§ What is being asked
Start the copy at the line holding "Start out on" and continue it exactly through the last line of the entries, leaving out pictures and anything else.
---- Given records
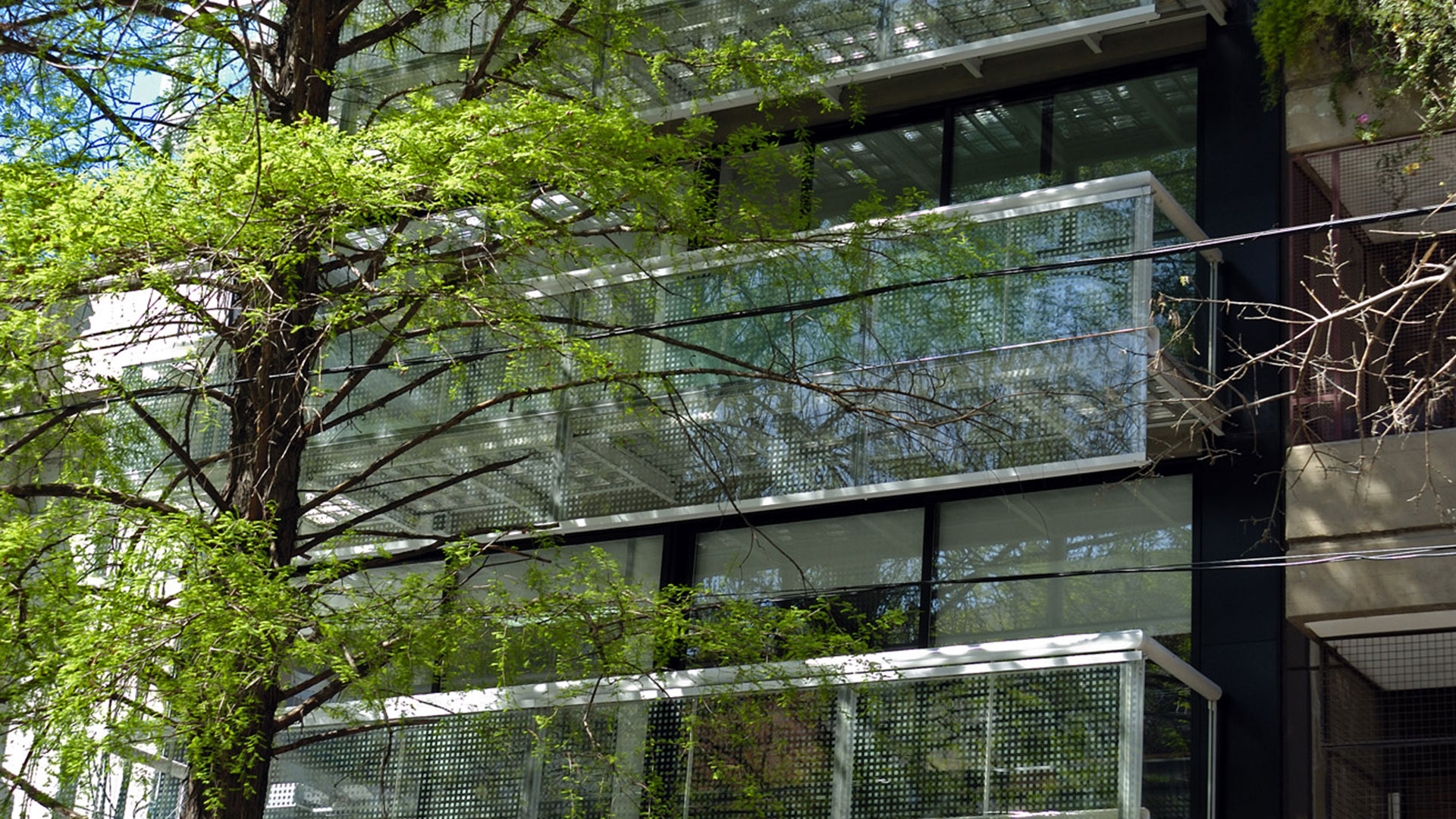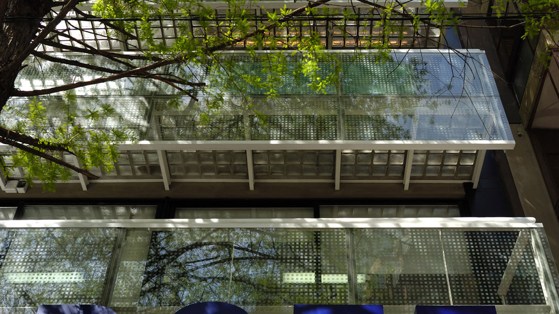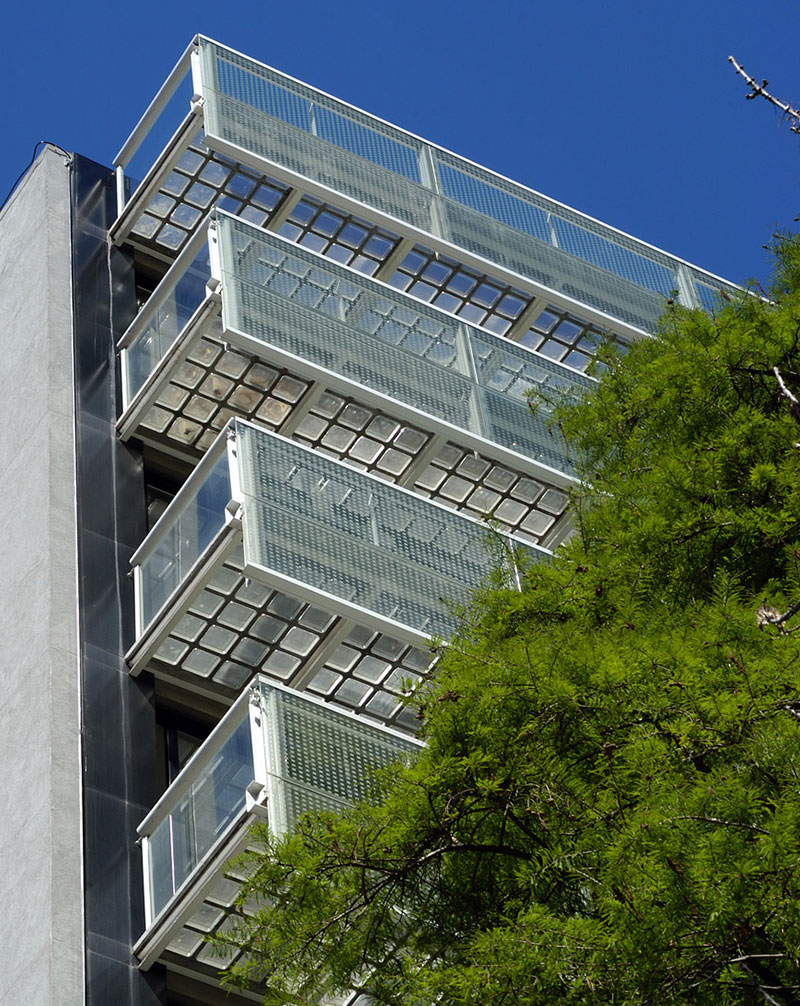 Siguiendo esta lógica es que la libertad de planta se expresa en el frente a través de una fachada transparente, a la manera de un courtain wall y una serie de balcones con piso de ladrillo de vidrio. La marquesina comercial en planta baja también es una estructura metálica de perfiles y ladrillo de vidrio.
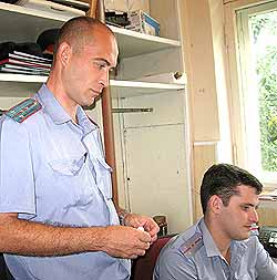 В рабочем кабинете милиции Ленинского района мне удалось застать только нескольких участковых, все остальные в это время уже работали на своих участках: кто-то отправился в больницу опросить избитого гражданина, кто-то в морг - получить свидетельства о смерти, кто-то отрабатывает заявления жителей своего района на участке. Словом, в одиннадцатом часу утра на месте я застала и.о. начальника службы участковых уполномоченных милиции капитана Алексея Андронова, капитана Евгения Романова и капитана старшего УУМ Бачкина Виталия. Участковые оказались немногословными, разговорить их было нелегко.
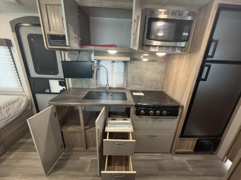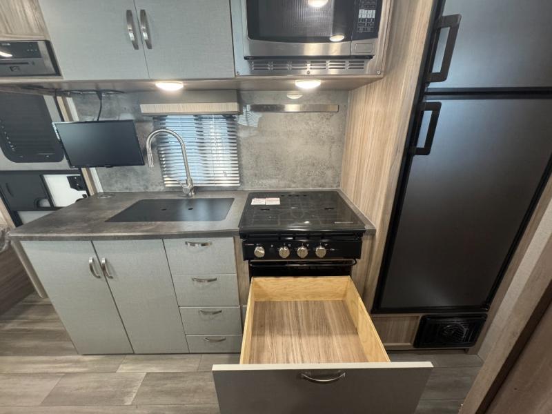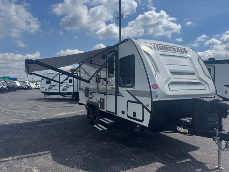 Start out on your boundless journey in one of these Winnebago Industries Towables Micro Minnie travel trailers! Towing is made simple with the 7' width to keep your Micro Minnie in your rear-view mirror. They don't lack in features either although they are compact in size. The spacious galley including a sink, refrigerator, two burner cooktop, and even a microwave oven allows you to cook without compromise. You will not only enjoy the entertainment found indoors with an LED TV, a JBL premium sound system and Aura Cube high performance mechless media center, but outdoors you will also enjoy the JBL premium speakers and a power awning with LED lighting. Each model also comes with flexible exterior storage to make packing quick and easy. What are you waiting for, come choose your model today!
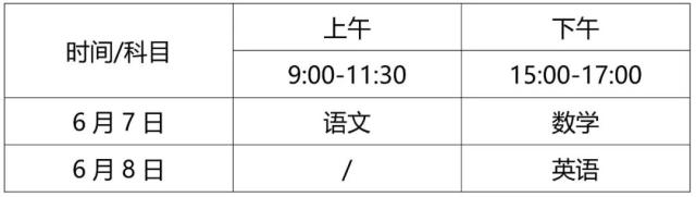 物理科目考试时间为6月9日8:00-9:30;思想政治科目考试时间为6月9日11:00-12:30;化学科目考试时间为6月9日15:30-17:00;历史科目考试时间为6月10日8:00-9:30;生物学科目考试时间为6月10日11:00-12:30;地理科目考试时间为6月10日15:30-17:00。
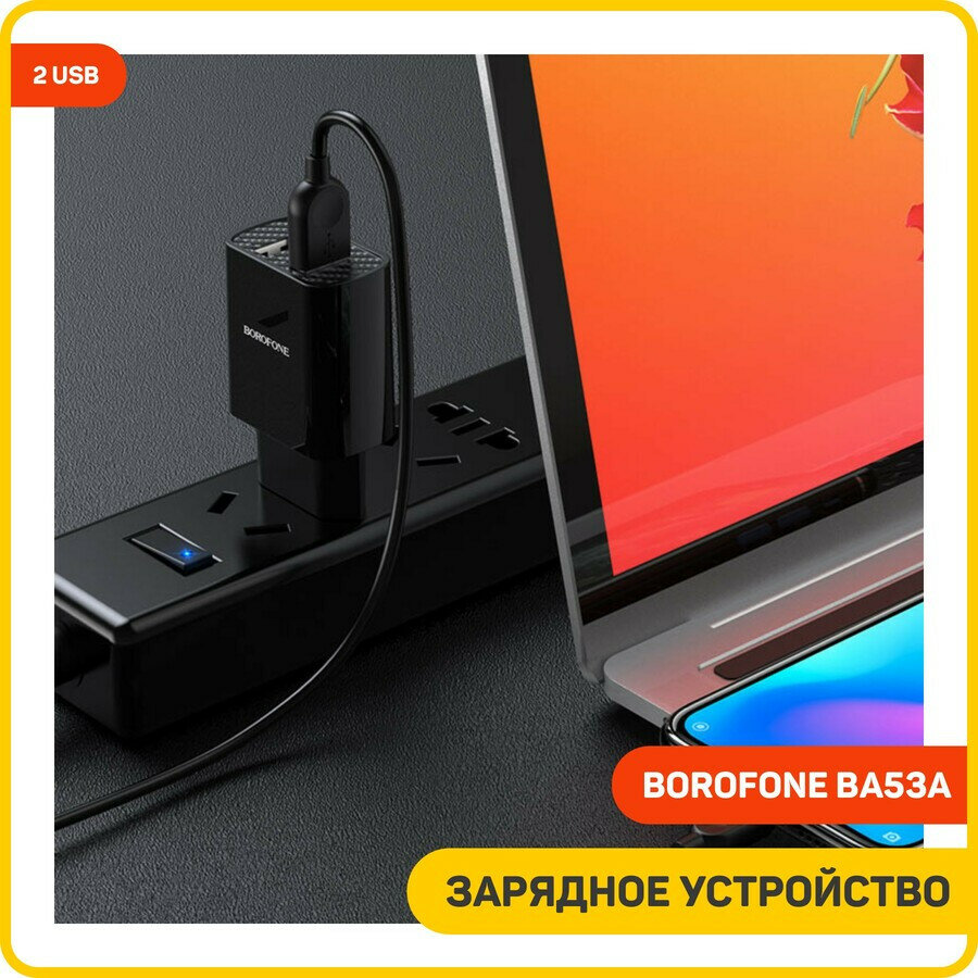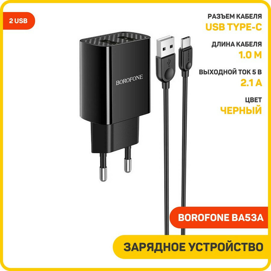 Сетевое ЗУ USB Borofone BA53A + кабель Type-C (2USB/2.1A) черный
--------
§ Answer for this exercise
 Start out on your boundless journey in one of these Winnebago Industries Towables Micro Minnie travel trailers! Towing is made simple with the 7' width to keep your Micro Minnie in your rear-view mirror. They don't lack in features either although they are compact in size. The spacious galley including a sink, refrigerator, two burner cooktop, and even a microwave oven allows you to cook without compromise. You will not only enjoy the entertainment found indoors with an LED TV, a JBL premium sound system and Aura Cube high performance mechless media center, but outdoors you will also enjoy the JBL premium speakers and a power awning with LED lighting. Each model also comes with flexible exterior storage to make packing quick and easy. What are you waiting for, come choose your model today!
 物理科目考试时间为6月9日8:00-9:30;思想政治科目考试时间为6月9日11:00-12:30;化学科目考试时间为6月9日15:30-17:00;历史科目考试时间为6月10日8:00-9:30;生物学科目考试时间为6月10日11:00-12:30;地理科目考试时间为6月10日15:30-17:00。
 Сетевое ЗУ USB Borofone BA53A + кабель Type-C (2USB/2.1A) черный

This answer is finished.